We are remarkably causal about God. We don’t take him particularly seriously and, consequently, give so little time and thought to him, turning to him only when we feel he can be of some use to us. We need to have experience the ‘fear of God’. By this, I don’t only mean that we should be reverent and respectful to him; nor that we should simply have a sense of awe in our worship. True though this is. No, I mean that we each need to have the experience of being absolutely afraid of him, of being completely and utterly overwhelmed by his power and glory, so that we become conscious and ashamed of our weakness and sinfulness, and fearful of what is going to happen to us.

An experience of the fear of God, such as the one experienced by Job in our first reading and the disciples in our Gospel reading, isn’t meant to drive us to despair, but to bring home to us how powerless we are and how dependent we are on the mercy of God. Job says to God:

‘I had heard of you by the hearing of the ear, but now my eye sees you; therefore I despise myself, and repent in dust and ashes.’ (Job 42:5-6)

We will never have faith in God while we continue to have faith in ourselves. We will only abandon faith in ourselves when we see for ourselves how great is our God and how small and insignificant we are in his presence. St John writes that ‘perfect love casts out fear’ (1 John 4:18). But it cannot cast out what does not exist, and if we are to experience the love of God, we need first to know the fear of God.

St Paul begins the passage of which our second reading this week is a part:

‘Therefore, knowing the fear of the Lord, we try to persuade others…’ (2 Corinthians 5:11)

Those who have known what it is to fear God, and who take God seriously as a result, will want to persuade others.

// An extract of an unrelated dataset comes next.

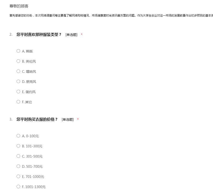 首先感谢您的协助,本次网络调查问卷主要是了解网络购物情况、市场满意度时尚资讯等方面的问题。作为大学生创业对这一市场的发展前景作出初步预测的基本资料。耽误了您的宝贵时间,望请见谅。

This is not, as it is so often said, because we are frightened of hell and want to scare people into believing. Rather it is because, having seen who God is, we have seen how futile and false are all the other things in this world that people trust in and lust after. Anyone who has experienced the fear of God is unable ever again to trust in the systems of this world or to take seriously the claims of those who take pride in themselves and who boast of their achievements.

Having experienced the tremendous reality of God in Christ, we will want to expose the meaninglessness and emptiness of all that we are encouraged to believe in and seek after in this world. We do this in the hope of leading people to see the truth that is in Christ and in Christ alone. Knowing the fear of God, we seek to persuade men and women of the need to be saved from the storms that will overwhelm and destroy those who don’t put their faith in him.

The disciples asked Jesus:

‘Teacher, do you not care that we are perishing?’ (Mark 4:38)

It is because he cares that we are perishing that Jesus came and died for us. It is through faith in him that we can be saved from perishing. As St John writes:

‘For God so loved the world that he gave his only Son, so that everyone who believes in him may not perish but may have eternal life.’ (John 3:16)

As we experience the presence of God and are overwhelmed that one so great could love us and go to such lengths to save us, we will not only want to respond to him ourselves, but to share his grace with others and to do so urgently.

As St Paul writes:

‘As we work together with him, we urge you also not to accept the grace of God in vain. For he says, “At an acceptable time I have listened to you, and on a day of salvation I have helped you.” See, now is the acceptable time; see, now is the day of salvation!’ (2 Corinthians 6:1-2)

May God give us the faith we need to experience his salvation.

Amen.

[1] Parker, C. (2016). Crossing to “The Other Side” of the Sea of Galilee. In B. J. Beitzel & K. A. Lyle (Eds.), Lexham Geographic Commentary on the Gospels (p. 159). Bellingham, WA: Lexham Press.